Thursday, November 5, 2009

The Crawl Part 1 - The Desertion

The early fur traders were men who accepted death as a normal hazard of their chosen profession. Those who could not live with the idea usually deserted or were on the first boat back to St. Louis.  When Hugh Glass was mauled by the grizzly bear it is safe to assume that his comrades resigned themselves to his fate and turned their thoughts toward their own safety and the journey west to the Yellowstone River.

John Myers states that Hugh had as many as fifteen serious wounds and "First aid on the Plains consisted of bracing a man with brandy and tying him up with strips of a probably not laundered shirt." One of the other trappers might have tried to stitch some of Hugh's worst wounds with thread made from deer sinew but beyond these primitive procedures nothing much could be done to save Hugh Glass.  Still, Old Hugh refused to die.

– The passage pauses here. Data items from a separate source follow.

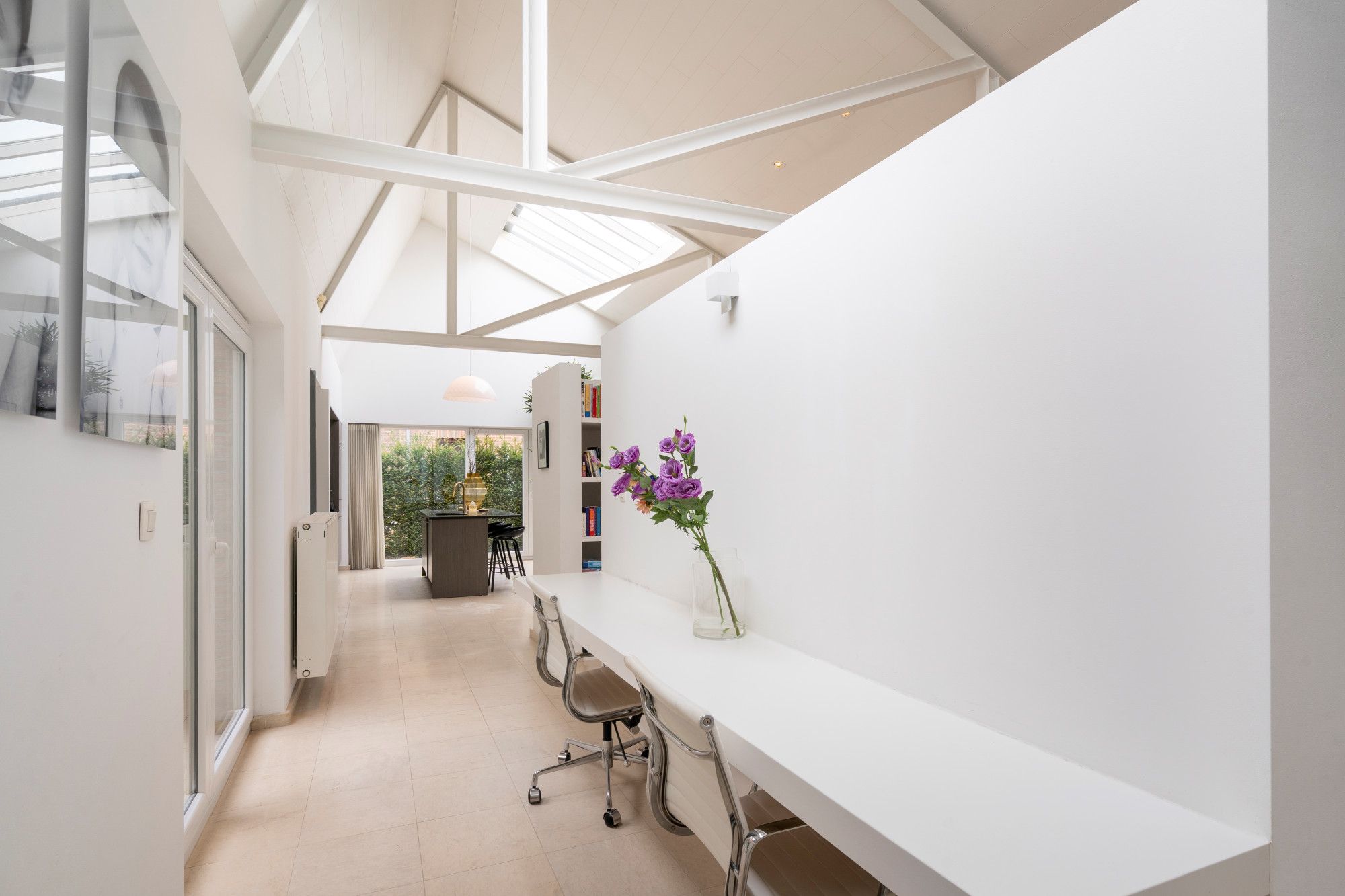 This practically laid out home offers all living spaces on one level, providing optimal living comfort. The high ceilings combined with the many windows give an open and spacious feeling. Surrounding the house is a well-kept garden that not only provides extra tranquility, but also the necessary privacy. The beautifully landscaped garden is west facing, allowing you to enjoy the evening sun. In addition, the house has a private driveway and ample parking at the front, which makes parking particularly convenient.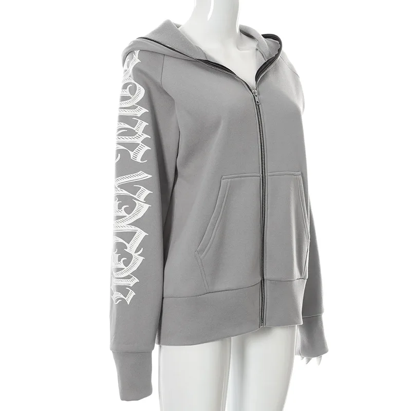 Женская толстовка на молнии с надписью, куртка-кардиган в готическо...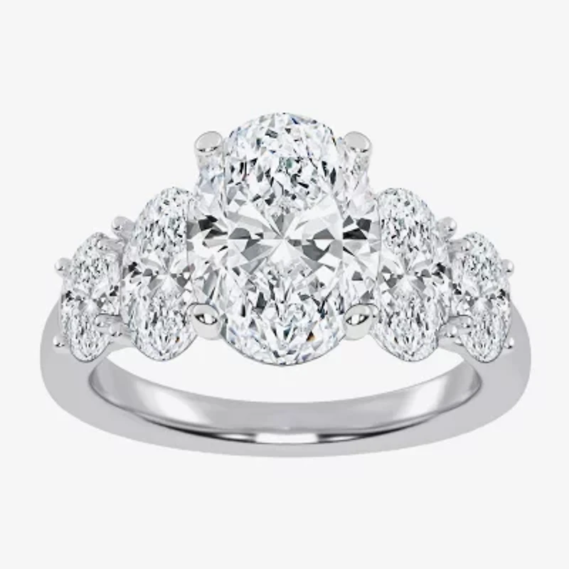 (G / Vs2-Si1) Womens 3 1/2 CT. T.W Lab Grown White Diamond 14K Gold Oval 5-Stone Engagement Ring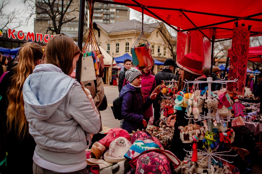 Мастера демонстрировали казахстанские сувениры, деревянную и керамическую посуду, серебряные и бисерные украшения, сумки и игрушки ручной работы, украшения с казахстанскими агатами и сувениры из натурального камня.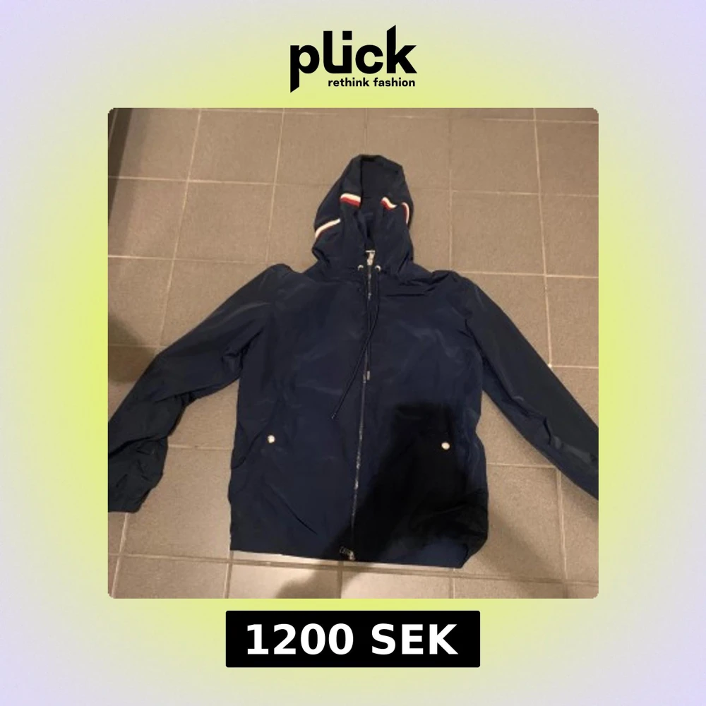 Snygg mörkblå vindjacka från Moncler med huva och vita/röda detaljer. Jackan har dragkedja framtill, två fickor med tryckknappar och Moncler-logga på bröstet. Perfekt för blåsiga dagar och enkel att matcha med det mesta.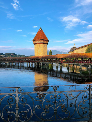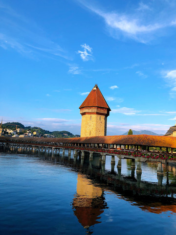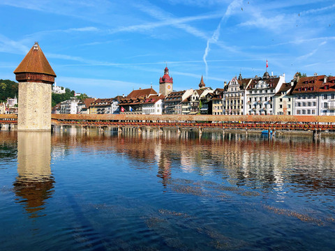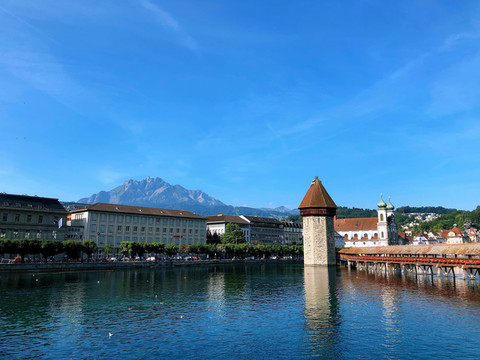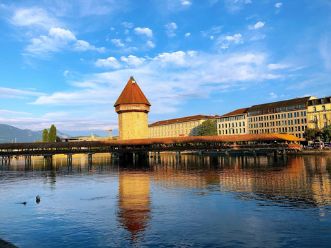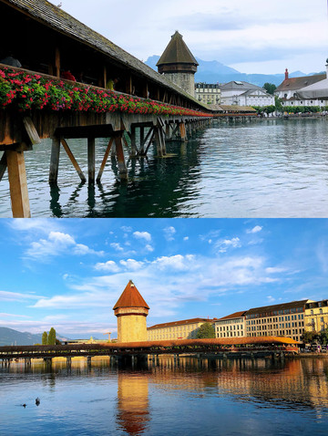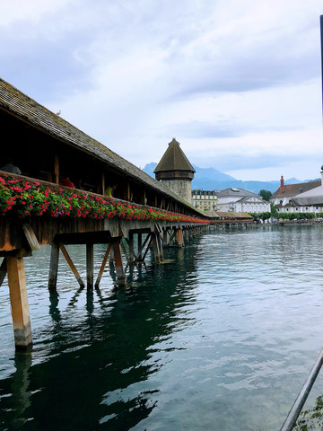 卡佩尔廊桥和八角型水塔,在明信片上常常露脸,早已成为瑞士的标志性建筑,其实他是一个军事瞭望台,廊桥也不过200米,那座水塔也是水上防御工事的一部分。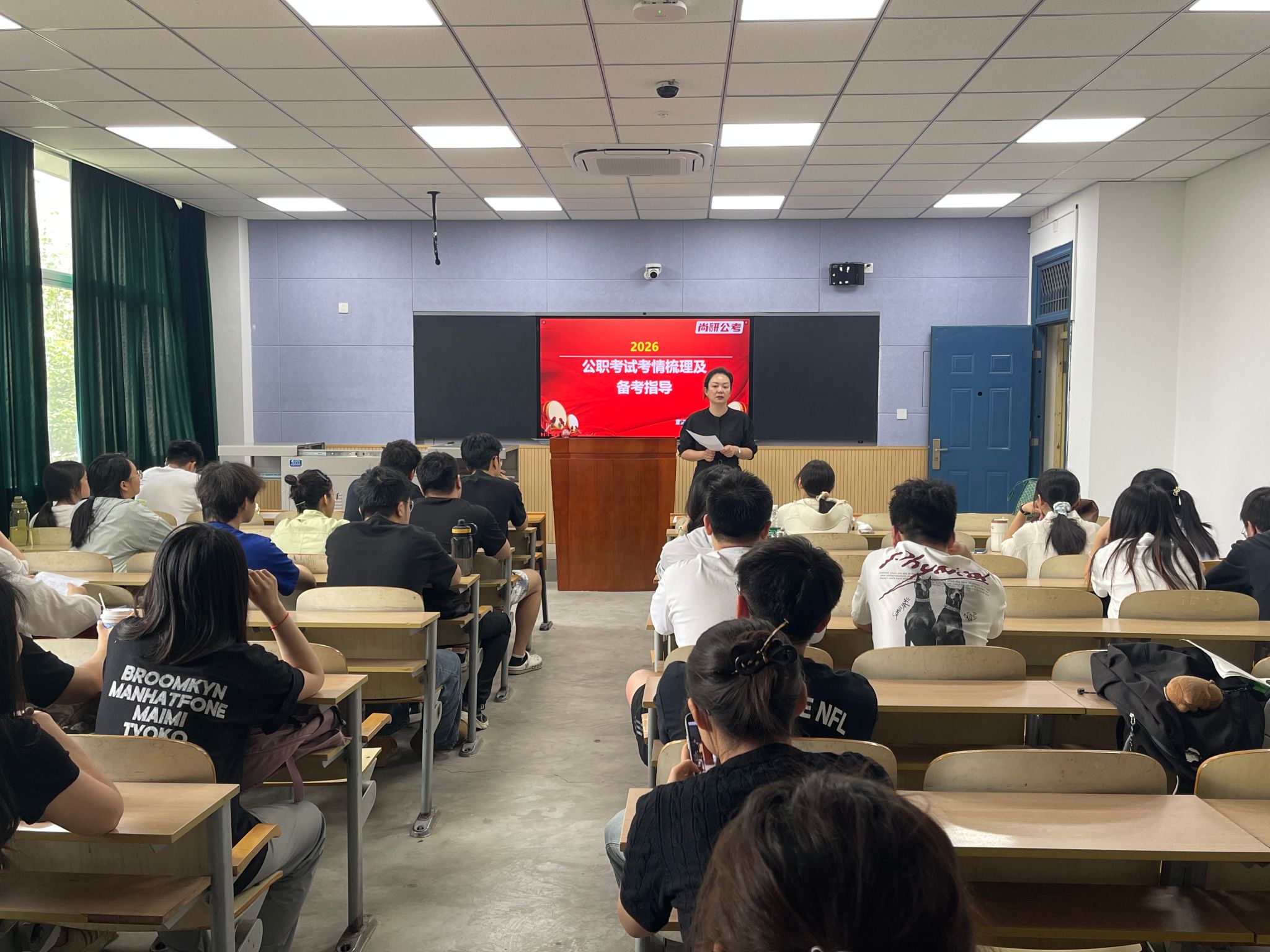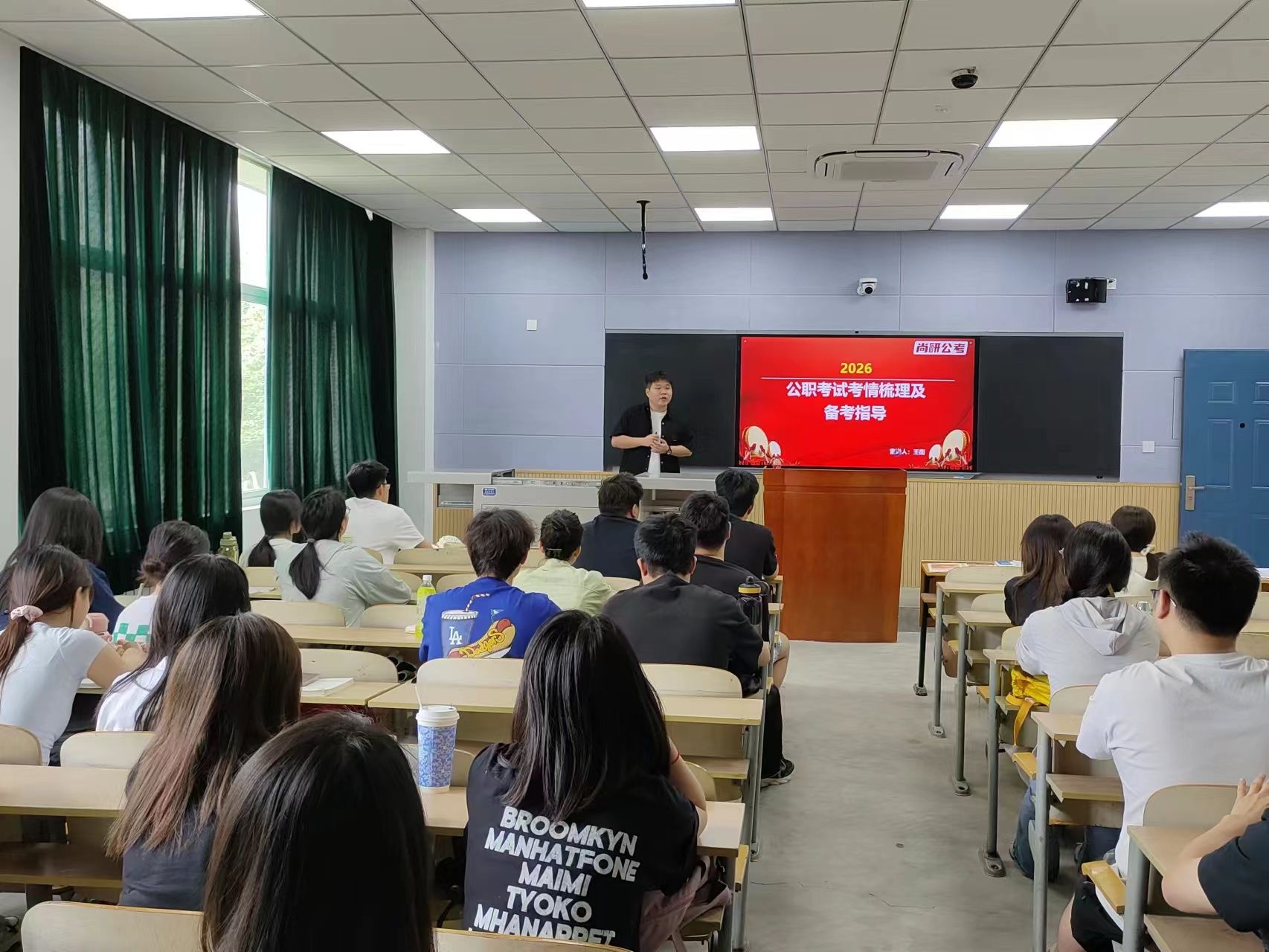 為助力2026屆畢業(yè)生科學(xué)備戰(zhàn)公務(wù)員考試,精準(zhǔn)把握考情趨勢,提升應(yīng)試能力。5月7日下午,人文學(xué)院在博覽樓A105舉辦“2026年公職考試考情梳理及備考指導(dǎo)”專題講座。本次活動(dòng)由人文學(xué)院聯(lián)合尚研公考共同發(fā)起,人文學(xué)院黨委副書記盛丹、尚研公考名師王蘅、2021級輔導(dǎo)員張馨元出席活動(dòng),人文學(xué)院與經(jīng)管學(xué)院意向考公學(xué)生到場參與。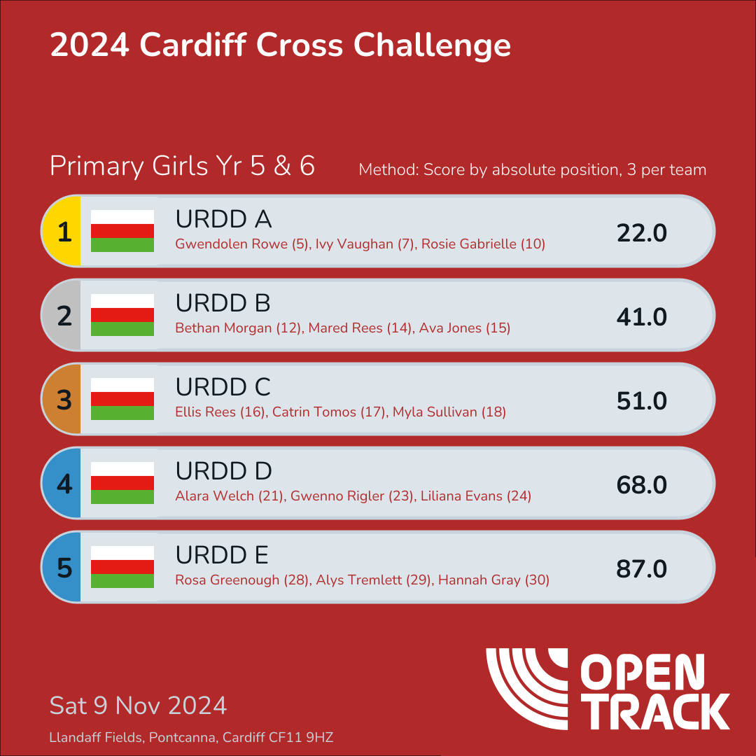 | 2 | URDD-B | 41.0 | 12: Bethan Morgan (12), 14: Mared Rees (14), 15: Ava Jones (15) | |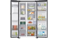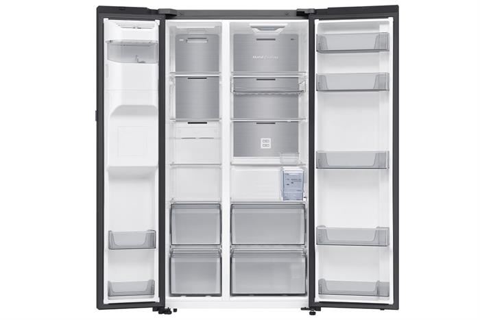 Tủ lạnh Side by Side Samsung RS80F65J2BSV nổi bật với thiết kế Side By Side hai cánh rộng rãi, phủ lớp hoàn thiện màu bạc ánh kim (Stainless Steel) cao cấp, mang lại vẻ đẹp tinh tế và hiện đại. Tay nắm ẩn được tích hợp khéo léo vào thân tủ, tạo nên bề mặt phẳng mượt mà, không chỉ thẩm mỹ mà còn dễ lau chùi, giữ cho tủ luôn sáng bóng như mới.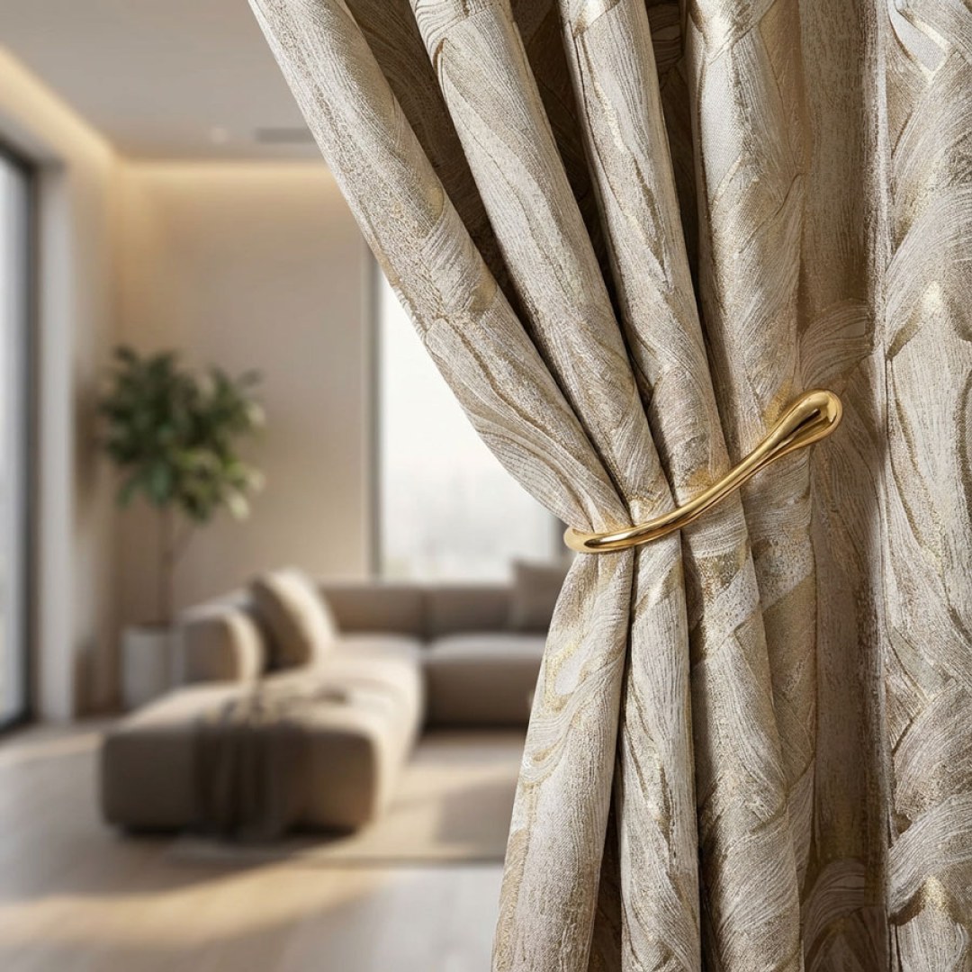 Dreamscape Luxury Jacquard Abstrait Crème et Or Rideaux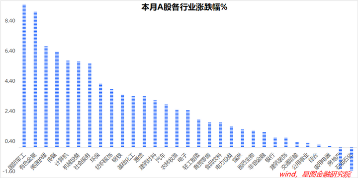 月内来看,国防军工(9.5%)、有色金属、美容护理、传媒等涨幅均超6%;石油石化(-1.56%)、房地产、家用电器、综合、公用事业等涨幅靠后。
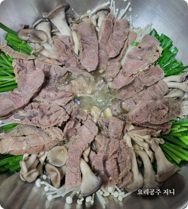 네 번째. 고기 썰고 냄비에 담기

After a day or two of waiting for Hugh to take his last breath, Major Henry, the expedition leader, decided to move his men out of the area. Because Hugh was still clinging to life, the trappers made an attempt to carry him to safety by fashioning a litter from the boughs of trees. How long they carried him is not known, it might have been as few as two days or as long as six days. Finally, Major Henry's concern over the pallbearer-like pace of his expedition in such hostile territory forced him to make a decision. A clearing was reached near a large spring and it was deemed a logical spot for Hugh to find his final resting place.  Major Henry could not, however, bring himself to abandon Hugh altogether while the old trapper was still breathing.  He called for two volunteers to stay behind to provide Hugh a proper burial.

The two "volunteers" according to both Frederick Manfred and John Myers were the youth Jim Bridger and a man named John Fitzgerald.  Frederick Manfred has the two staying out of loyalty to Hugh for not reporting them for falling asleep on guard duty.  John Myers points out that Bridger and Fitzgerald were probably paid a decent bonus to stay behind.

As the expedition hurried on west, John Fitzgerald and Jim Bridger waited with increasing anxiety for Hugh Glass to die. They may have waited for as many as six days before the older man, Fitzgerald, cracked under the pressure of falling so far behind his comrades in such dangerous territory. John Myers writes in The Saga of Hugh Glass that Hugh himself heard Fitzgerald arguing with young Bridger until the lad gave in and agreed to Fitzgerald's plan.

In order to make their story plausible, Fitzgerald and Bridger took Hugh's gun and all his "necessarys." Their reasoning was that a man who could not lift himself up from a makeshift litter would have no use for a weapon and no Mountain Man would leave such valuable equipment behind to the elements or to fall into the hands of hostile Natives. Also, having possession Of Hugh's property would be proof to the other trappers that Hugh had, indeed, died.

The only favor the two did for Hugh Glass was to move him down by the stream before they left. When Hugh finally regained full consciousness some time later he saw three things; the stream, his grave, and a rattlesnake curled up nearby.